Kenneth Bridges | History Columnist
Veron Seay was not a woman people will read about in the history books. She was not famous, but she was the kind of person that the world was better for having around.
She was born Lois Veron Harris in 1927 in Ragtown, Texas, a small community of farmers just outside Paris. She had an older brother, Gaylon, who died when he was five, and a younger sister, LaFay.
The family later moved further west to Wichita Falls when she was young in hopes of better work. The Great Depression, however, hit the family hard. Her mother would have to make dresses for her and her sister out of old potato sacks. For a time in the 1930s, her parents were only able to support the family through Works Progress Administration work projects, her father digging ditches or helping pave highways and her mother working in WPA sewing rooms or canning rooms. At one point, all they had to eat in the house was one can of Spanish rice. But they worked hard, endured, and gradually overcame their poverty.
When she was growing up, their denomination would be whatever church was within walking distance. She would go on to teach Sunday School and Vacation Bible School for nearly six decades.
In 1940, she had to quit school in the eighth grade to go to work. She mentioned in her job as a waitress that she made $6 per week for a seven-day week and thought she was getting rich.
She married W. T. Nichols in 1947, a marriage that later ended in divorce. When she gave birth to her only daughter in 1948, the bill was only $50, including the ambulance ride to the hospital and back home.
Family was always important. When men walked on the Moon with the Apollo 11 landings in 1969 and the family watched on TV, she sat in another room taking care of her father as he lay dying of cancer.
In the 1970s and 1980s, the debate over women in the workplace and wives working outside the home perplexed her. “We all worked,” she would say.
In 1984, she married Jeff Seay, a respected rancher and gentleman from Archer City. The two had many happy times together. While living on the ranch, she once helped birth a calf, the first time she ever saw anything being born. As Jeff Seay’s health declined, she cared for him day and night. She later recalled that as he passed away, he saw someone above him and reached out.
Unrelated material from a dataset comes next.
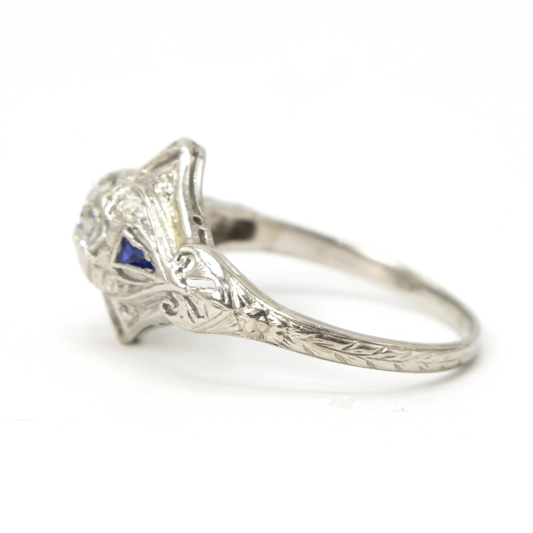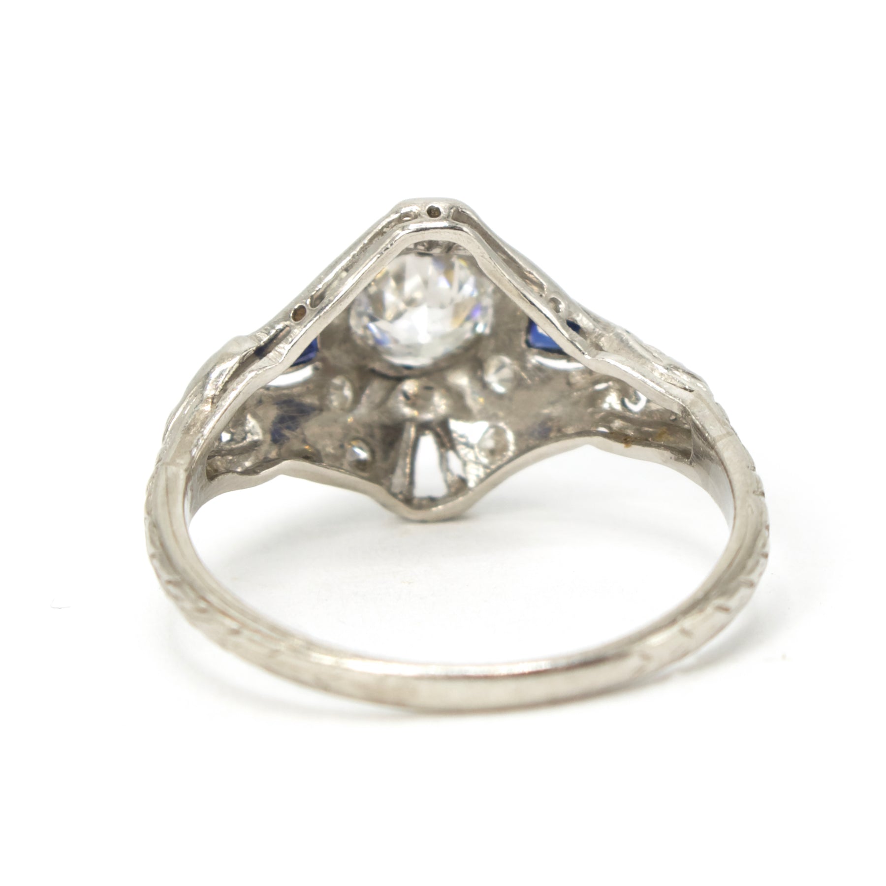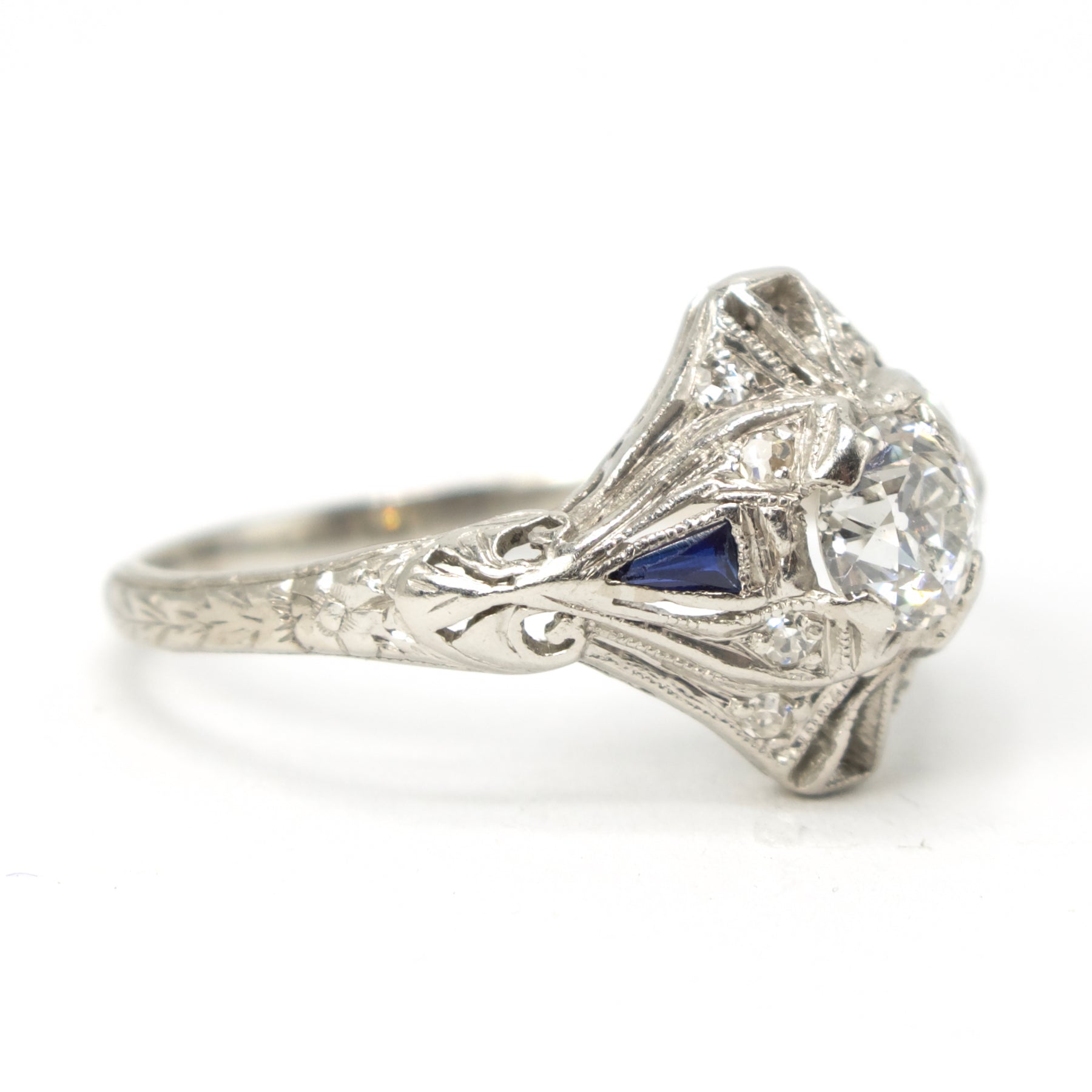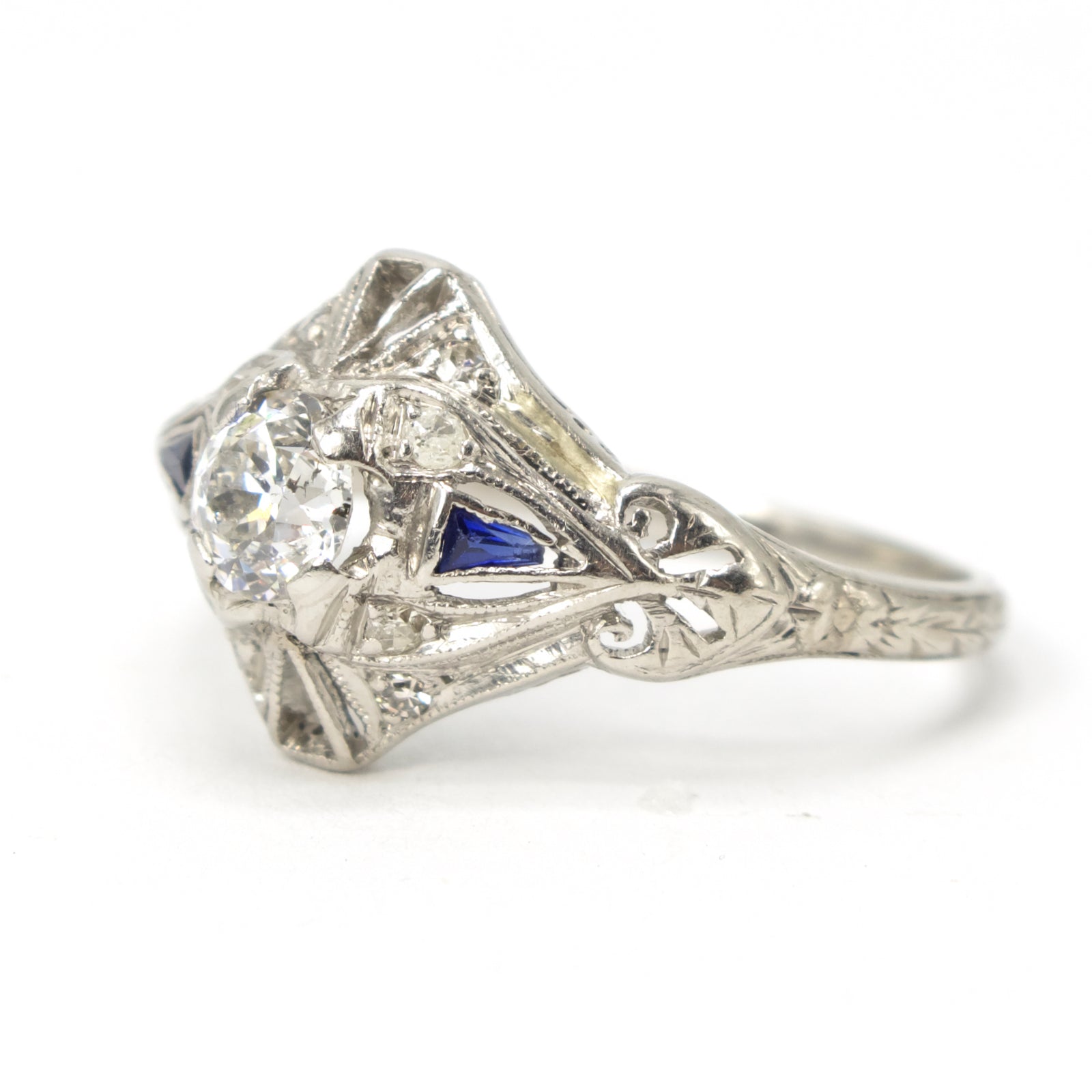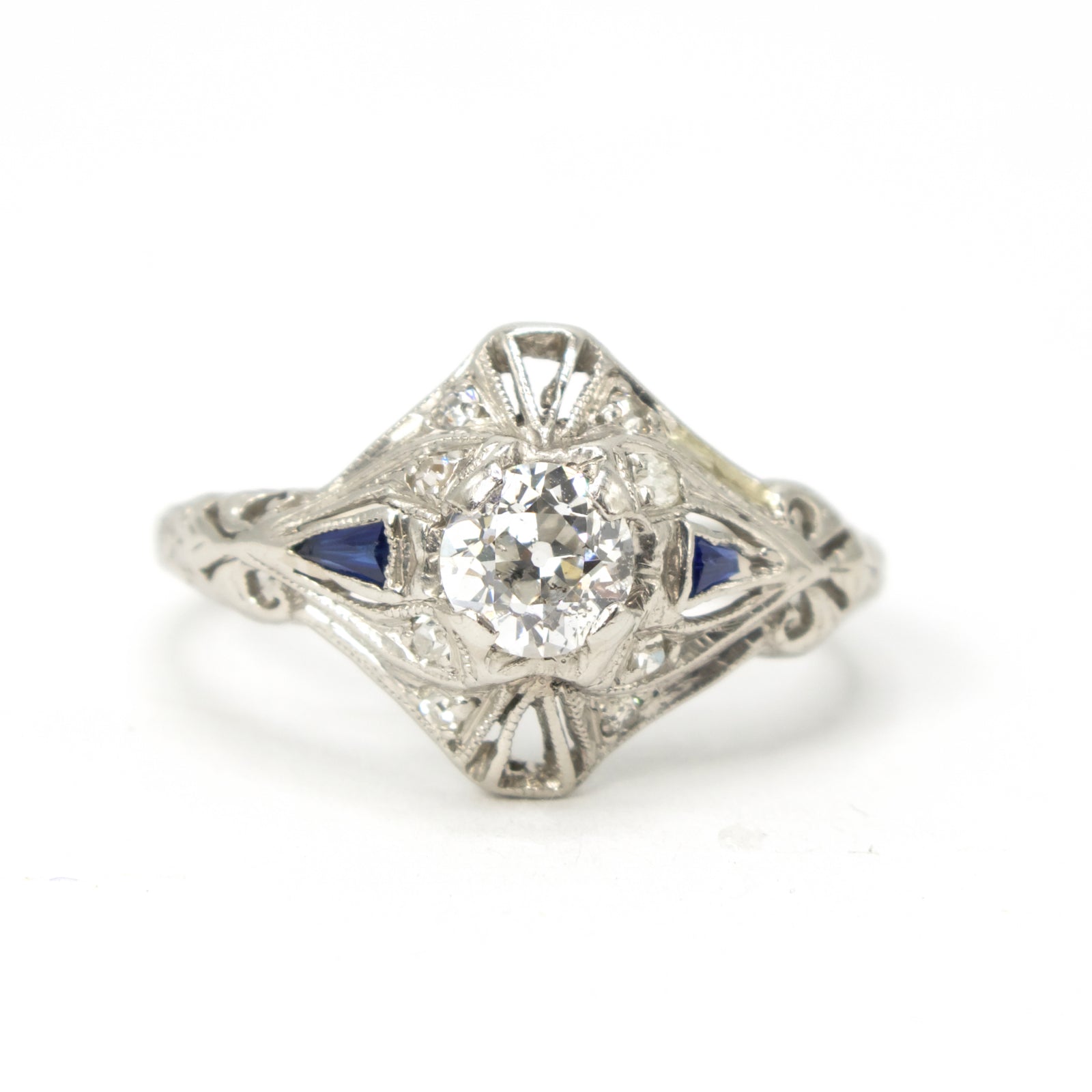 This antique diamond ring, a product of the 1920s, is made of platinum and has a central European Cut diamond weighing approximately 0.40 carat. Two triangle sapphires accent the main stone on its left and right sides with cutouts for additional stones at the top and bottom.

She would tell the story often that whoever Jeff Seay saw in his dying moments, he was glad to see them.
Well into retirement, she continued to work. She volunteered for many years with several organizations, always helping others and always treating each volunteer job as she would any other job.
Her faith was always there, and she read the Bible and religious books voraciously, always asking questions about it all. Even pushing 80, she still walked the ten blocks to and from church on Sunday mornings and Wednesday nights.
For Veron Seay, kindness was never a weakness. Self-respect and hard work were always a given. If someone ever took advantage of her generous nature, she would just shrug it off and move on. She would never allow someone else’s lack of character to diminish her own. Being good to others was an expectation.
When her sister became ill, she cared for her day and night, refusing to leave her side. As they had been all their lives, they were inseparable. Not long after her sister passed away, her ex-husband became ill, and she took care of him, too, staying at this side the whole time with all forgiven. Losing so much in the span of just a few months took its toll and her, and her health declined.
She was tired, but she still wanted to take care of everybody. In March, she suffered a serious stroke that briefly paralyzed her. With modern medicine and a strong spirit, she was up walking the next day. Her luck ran out, and she suffered a second stroke a month later, much more serious and one she would not be able to recover from. She died April 16 at the age of 88.
One life touches another. Perhaps the ultimate legacy anyone can leave is the example they lead, how they touch the lives of others, and how they made them feel. And sometimes we find a special person in our lives who makes us want to be better people. That was the special legacy of Veron Seay, my grandmother.